Назад я ехал в сумерках, шагом, отпустив повод, и думал по дороге не о провианте, который таки выбил, и не о Кошкине, что шёл на поправку, а о ней — вернее сказать, о том её взгляде на крыльце, когда я обмолвился про заражение крови: внимательном, ощупывающем, чуть прищуренном, будто она примеряла меня к какой-то своей мерке и видела, что я в неё не вхожу. Она углядела во мне нескладицу — не поняла какую, да и как тут понять, — но почуяла верно: прапорщик, а говорит не по чину и не по образованию, знает, чего знать ему вовсе не положено. И права была, тысячу раз права, оттого что прапорщику Северцеву двадцать два года, а сидит в нём другой человек, из другого века, и объяснить этого нельзя ни ей, ни кому на белом свете. Не скажешь же чужой сестре на холодном крыльце, что про заражение крови я знаю оттого, что родился через семьдесят лет после неё, — за такое и кладут, только в иную палату, к тем, что потише.
И всё же ехал я в густеющих сумерках и — странное дело, самому смешно — улыбался в темноту, радуясь, как ни глупо это было, простому и малому: тому, что встретил человека.
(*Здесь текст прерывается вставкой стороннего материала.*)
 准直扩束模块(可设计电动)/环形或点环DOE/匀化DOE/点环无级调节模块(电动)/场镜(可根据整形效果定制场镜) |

За два месяца здешней жизни я отвык от такого вконец, потому что тут все наперечёт при чинах да при ролях, и я первый: командир, которому положено быть твёрже и спокойнее своих и не показывать им ни страха, ни усталости, ни слабости. А ей я ничего не изображал, и она мне — тоже.
Дорога стелилась подо мной в сумерках, тёмная, пустая, разъезженная. Конь сам выбирал себе дорогу в темноте, шагая к своим, домой, к скупым кострам; а я ехал у него на спине, отпустив повод, и вёз с собою этот её прищуренный взгляд, как везут занозу, которую и вынуть жаль, и носить неловко.
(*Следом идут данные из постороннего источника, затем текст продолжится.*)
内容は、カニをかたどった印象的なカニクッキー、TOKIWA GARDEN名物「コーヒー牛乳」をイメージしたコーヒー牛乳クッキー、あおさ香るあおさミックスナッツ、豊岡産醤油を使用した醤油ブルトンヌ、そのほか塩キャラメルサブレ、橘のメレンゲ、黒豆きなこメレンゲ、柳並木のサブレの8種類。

К биваку я добрался уже в темноте. Подвода пришла прежде меня: у костров густо пахло кашей и солониной, кашевар орудовал черпаком, а люди ели молча, торопливо, обжигаясь, будто боялись, что котлы сейчас отнимут и всё это окажется сном. Сорока сидел над полным котелком и поглядывал на меня исподлобья.
— А стекло-то трофейное где, вашбродие? Доброе было стекло.
— В котле, Лукич.
Он заглянул в кашу, подумал и степенно кивнул:
— Далеко, стало быть, показало.
Я сел рядом и взял протянутый мне котелок. Бинокля было жаль. Но смотреть, как голодные люди едят, оказалось приятнее, чем смотреть через самый лучший цейсовский глаз.